Planet Perfecto was a dance supergroup, formed in 1997 by Paul Oakenfold, Ian Masterson and Jake Williams. They were signed to Oakenfold's record label, Perfecto Records.

==Musical career==
Their first release was "Georgie Girl" on 12" vinyl in 1997; the single did not make it into the UK Singles Chart. However, their next track, "Not Over Yet '99", was more successful entering the UK chart at #16 in August 1999. They worked with a fourth producer, Matt Darey on the track, a remix/re-edit of "Not Over Yet" by Grace to create the track, which was to be the first of four hits for the group. Oakenfold had previously been a member of Grace.
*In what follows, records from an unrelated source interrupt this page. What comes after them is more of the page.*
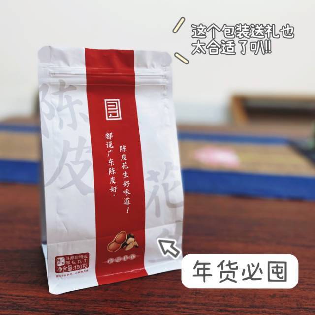 陈皮花生包装介绍 这款包装,白和红简约的配色, 将中国红搭配出一种高级感❤️, 也显得更大方更得体, 并有新年的喜庆之意! 逢年过节串门最适合🎁送它。 在保存方面, 我们选用镀铝材质的包装, 人性化的密封条设置👍, 更好地保存和保护花生的品质, 小容量包装, 不仅更符合每次食用量, 而且也可以有效地杜绝 食物放太久变质和浪费的问题。 😋平时自己食用, 或者过年的时候用来待客, 寻源坊陈皮花生都是极好的选择。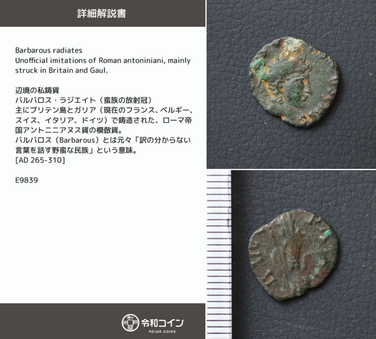 > *[令]辺境の私鋳貨「バルバロス・ラジエイト」古代ローマコインの模倣貨【詳細説明カード付】古代ギリシャ[E9839]7r0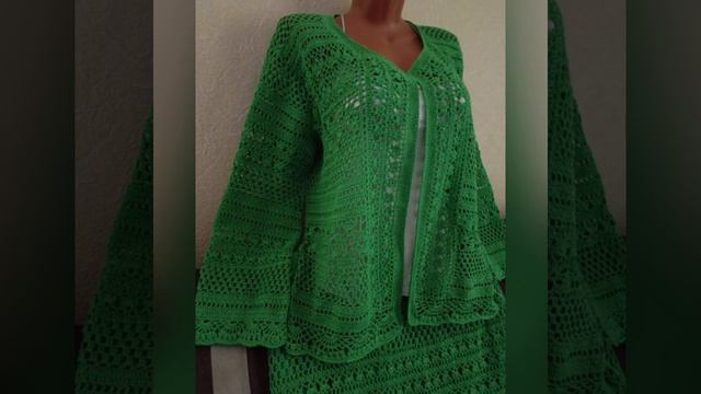 ☘️Костюм женский летний жакет и юбка ,вязаный крючком ☘️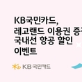 (조세금융신문=김영기 기자) KB국민카드(사장 이창권)가 가정의 달 5월을 맞아 KB국민행복신용카드 바우처 이용 고객 대상 레고랜드 무료 이용권 제공, KB Pay 여행에서 국내선 항공권 결제 시 최대 5% 청구 할인 행사를 진행한다. ◆ KB국민행복신용카드 쓰고 레고랜드 2인 무료 이용권 받으세요 5월 말일까지 KB국민행복(체크, 기업, 비씨, 선불카드 제외) 신용카드로 행사 응모 후 대상 바우처(건강보험 임신/출산 진료비, 첫만남 이용권, 어린이집 보육료) 중 1건 이상 결제 시 레고랜드 1일 이용권 2매를 제공한다. 단, 최근 6개월 KB국민 개인 신용카드 결제 이력이 없는 고객에 한해 혜택 적용이 가능하다. KB국민행복카드는 어린이집 보육료, 유아학비, 임신/출산 진료비 등 사회 서비스 바우처 이용 기능을 통합한 카드로 쇼핑, 교육 등 생활 밀착 업종 이용 시 할인 혜택도 누릴 수 있다. ◆ 국내선 항공은 KB Pay 여행에서 할인 받고 떠나요 5월 말일까지 KB국민카드(기업, 비씨, 선불카드 제외) 회원 대상으로 KB Pay > 여행 > [항공] 카테고리에서 국내선 항공권을 발권하면 결제금액의 최대 5% 청구 할인을 제공한다. 대상 항공사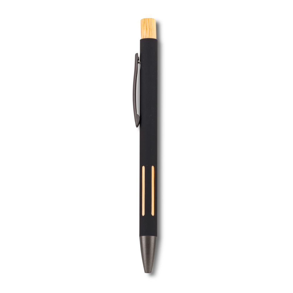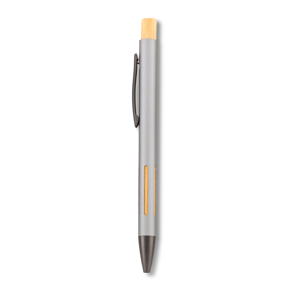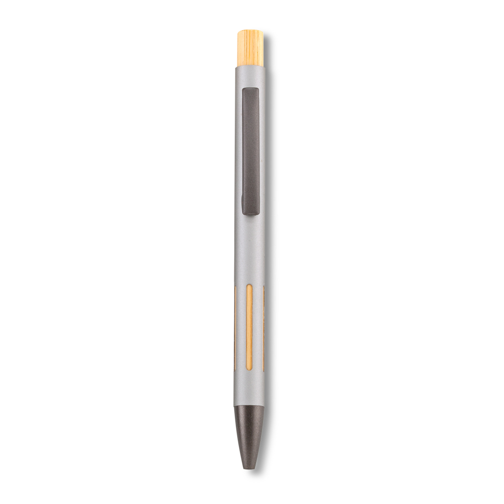 Bolígrafo metálico con partes en bambú. Mecanismo push en bambú.Clip metálico.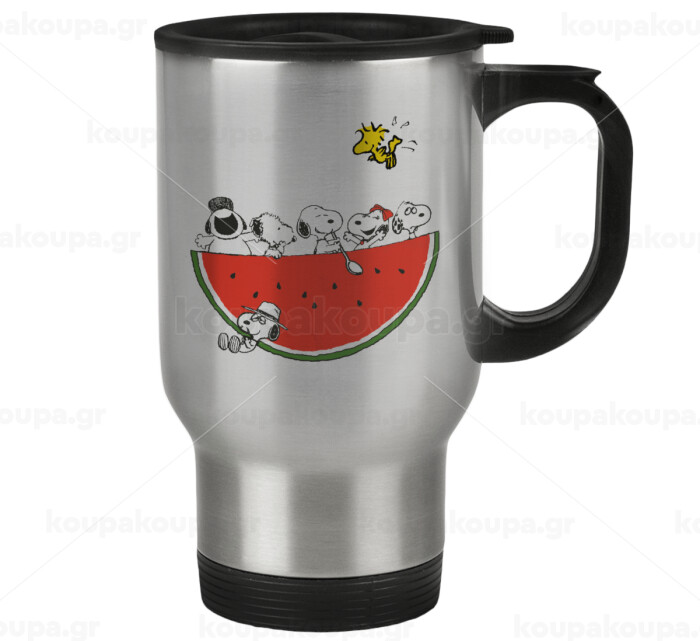 Snoopy summer, Stainless steel travel mug with lid, double wall 450ml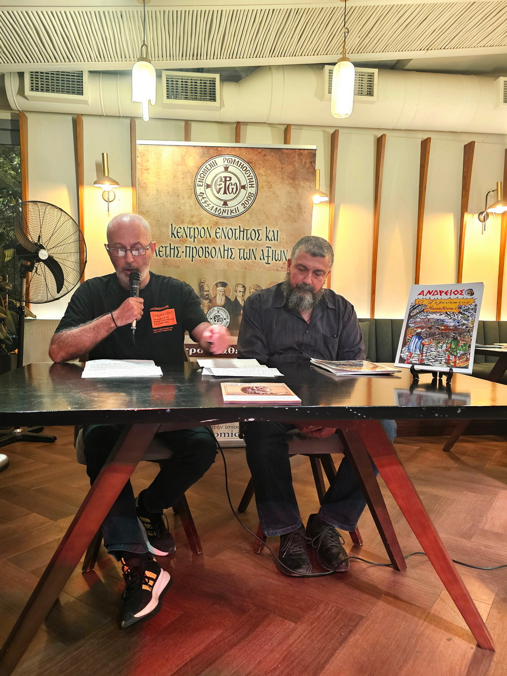 Κατενθουσιασμένοι οἱ παρευρισκόμενοι ἐξάντλησαν ὅλα τὰ κόμικ ποὺ εἴχαμε στὴν διάθεσή μας!!! Ἐπίσης δόθηκαν σὲ ἔντυπη μορφὴ τὸ προλογικὸ σημείωμα τοῦ 1ου τεύχους τοῦ νεανικοῦ περιοδικοῦ μας “Ρωμνιός” (ὁ λιτὸς τίτλος αὐτὸς σημαίνει νέος Ρωμηός, δηλαδὴ Ἑλληνόπαις) τὸ περιοδικὸ Ε.ρω., τὸ κείμενο περὶ τῆς εὐλογημένης ἑνότητας τοῦ Λαοῦ μας, καθώς καὶ τὴν σημαντικὴ ἀνακοίνωση ποὺ ἀφορᾶ τὴν δημιουργία ἑνὸς παραδοσιακοῦ οἰκισμοῦ ἀπὸ τὸ Σωματεῖο μᾶς πλησίον τῶν Μετεώρων.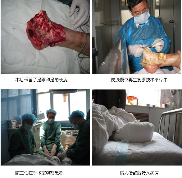 之后專家組與患者子女溝通,她們不同意截肢,要求用最好的技術(shù)、最小的損傷來治療母親疾病。根據(jù)家屬的要求,醫(yī)院決定應(yīng)用皮膚原位再生復(fù)原技術(shù)千方百計(jì)保住患者肢體,治療結(jié)果達(dá)到家屬滿意。在陳全喜主任的指導(dǎo)下,經(jīng)過二天的搶救,壞死組織被清除,病人蘇醒了。病人家屬握住陳主任的手說:是你們的技術(shù)救了我母親的命,保住了母親的一條腿呀。
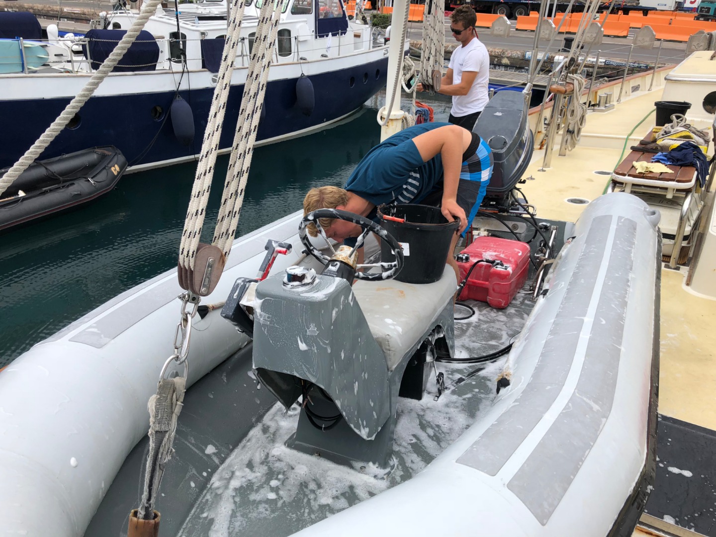 Pictures: ARGO; Crew members scrubbing deck; Crew member cleaning one of our small boats Nopadone; Crew members attaching halyards, inventory of food; Argo crew eating breakfast.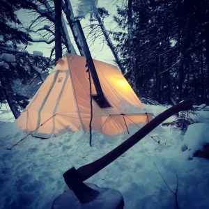 There was a lot of very green golden birch that I split and added after the fire was up to heat. My Dr. Meter wood moisture reader confirmed the waterlogged birch at 32%! We had also brought some local hardwood that read at 10% having known the limitations on firewood within the camp area (dead and down wood only). Again, regarding the efficiency of a short trip, it’s nice being able to spend more time fishing and less on wood processing especially in a well scoured camping area and in winter with a foot of snow covering the ground. Although I still did split and cut a safe supply of firewood to size for the my tent stove.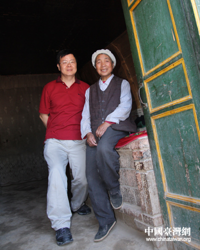 中國(guó)時(shí)報(bào)的記者和目前仍住在窯洞的大媽合影(中國(guó)臺(tái)灣網(wǎng) 楊永青 攝)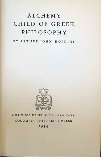 Alchemy. Child of Greek Philosophy Morningside Heights, New York: Columbia University Press, 1934.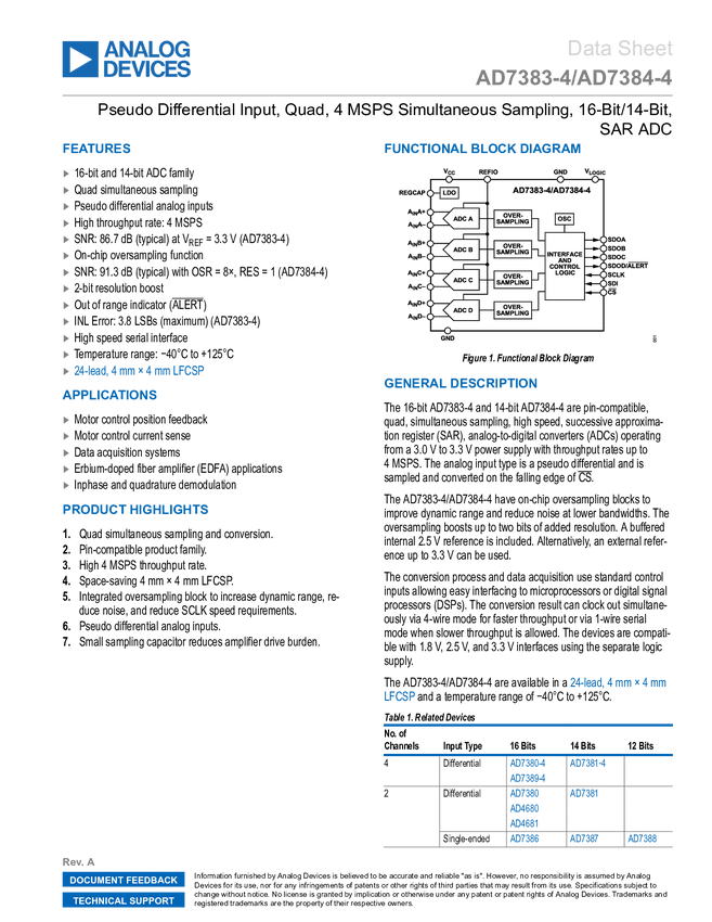 AD7383-4 Pseudo Differential Input, Quad, 4 MSPS Simultaneous Sampling, 16-Bit, SAR...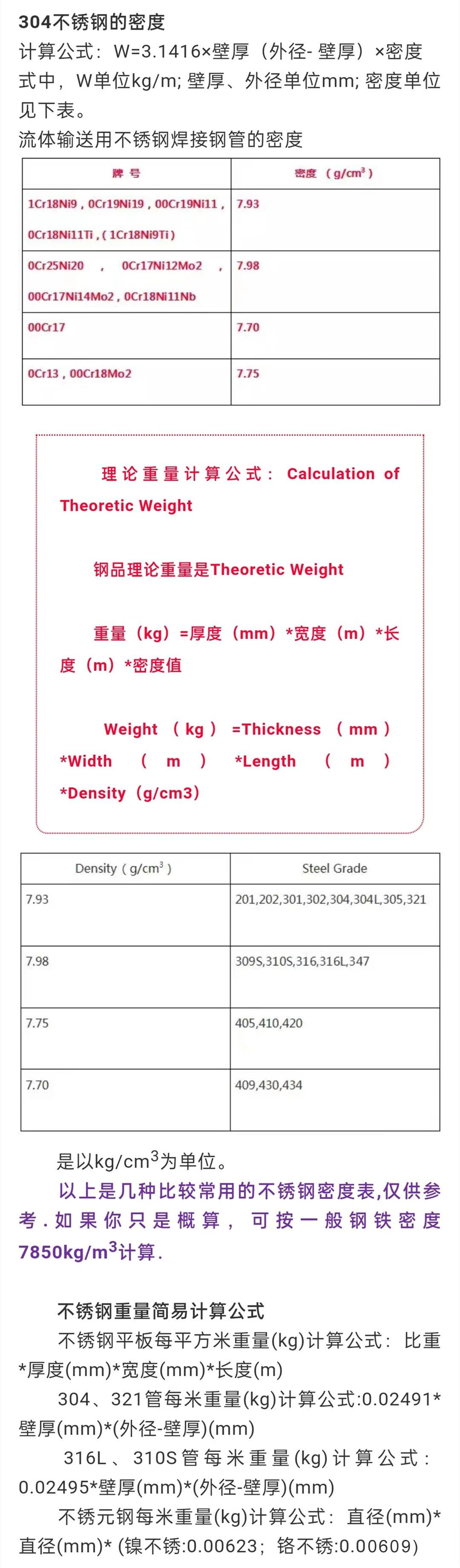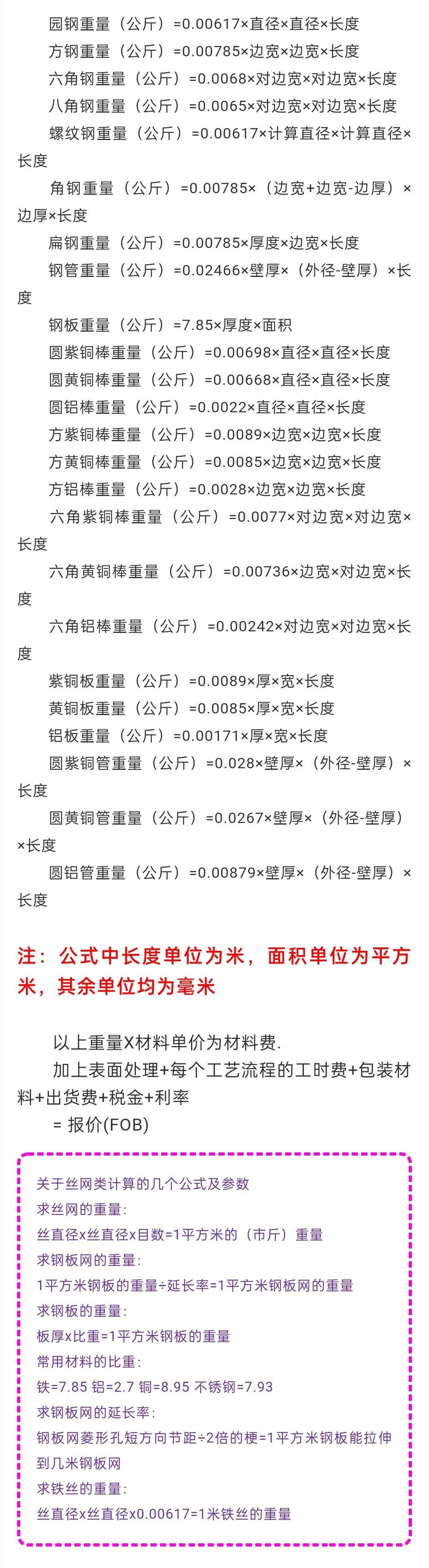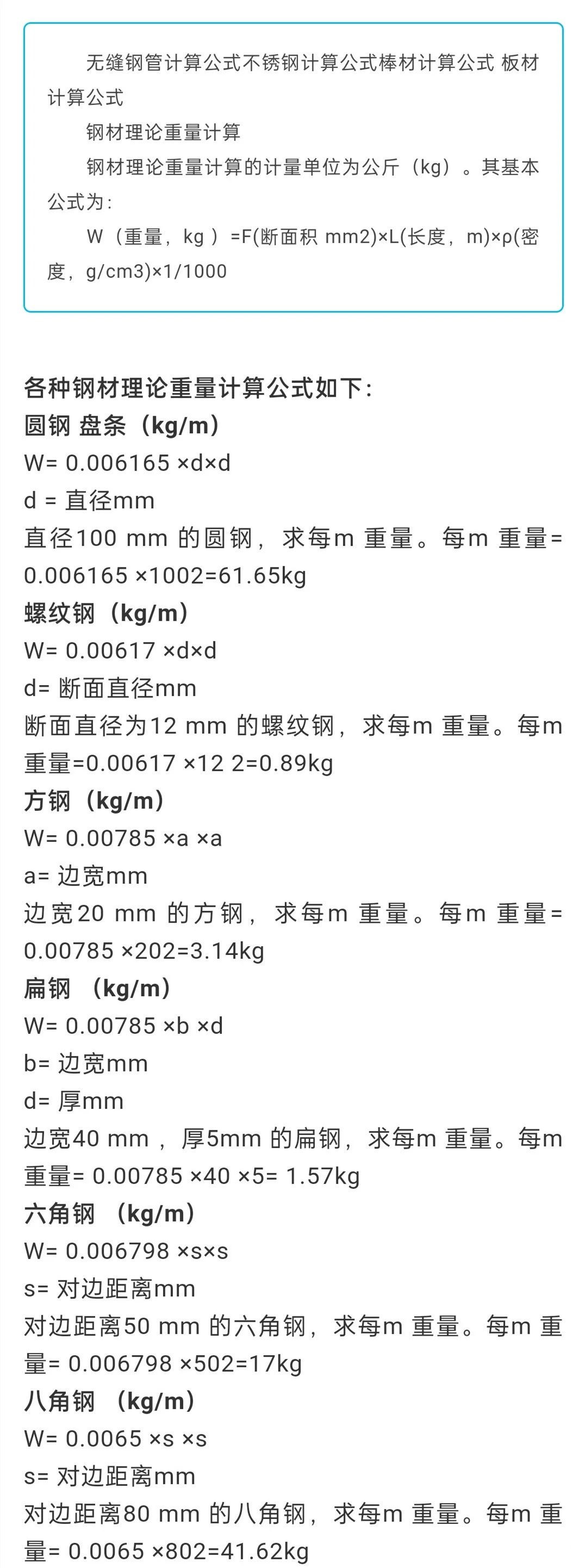 常用金属重量计算公式

Before forming Planet Perfecto, all three producers had made their names in the dance music scene under different guises. Most notably Jake Williams as JX and Masterson with Flexifinger. Paul Oakenfold was often viewed as being the main force behind "Planet Perfecto", but this is probably because he was more of a household name, having been successful as a DJ and having hits under numerous guises. Planet Perfecto have not released any further material since 2001. All three producers have undertaken independent projects since that time.

==Discography==
===Singles===

| Year | Title | Peak chart positions |  |  |  |  |  |  |  |
| UK | UK Dance | UK Indie | AUS | EUR | IRE | NED | SCO |
| 1999 | "Not Over Yet 99" (featuring Grace) | 16 | 2 | — | 90 | 56 | — | — | 14 |
| "Bullet in the Gun" | 15 | 10 | 7 | 99 | 53 | 25 | 62 | 27 |
| 2000 | "Bullet in the Gun 2000" | 7 | 2 | 1 | — | 33 | 32 | — | 5 |
| 2001 | "Bites da Dust" | 52 | 33 | 4 | — | 43 | — | — | 52 |
"—" denotes items that did not chart or were not released in that territory.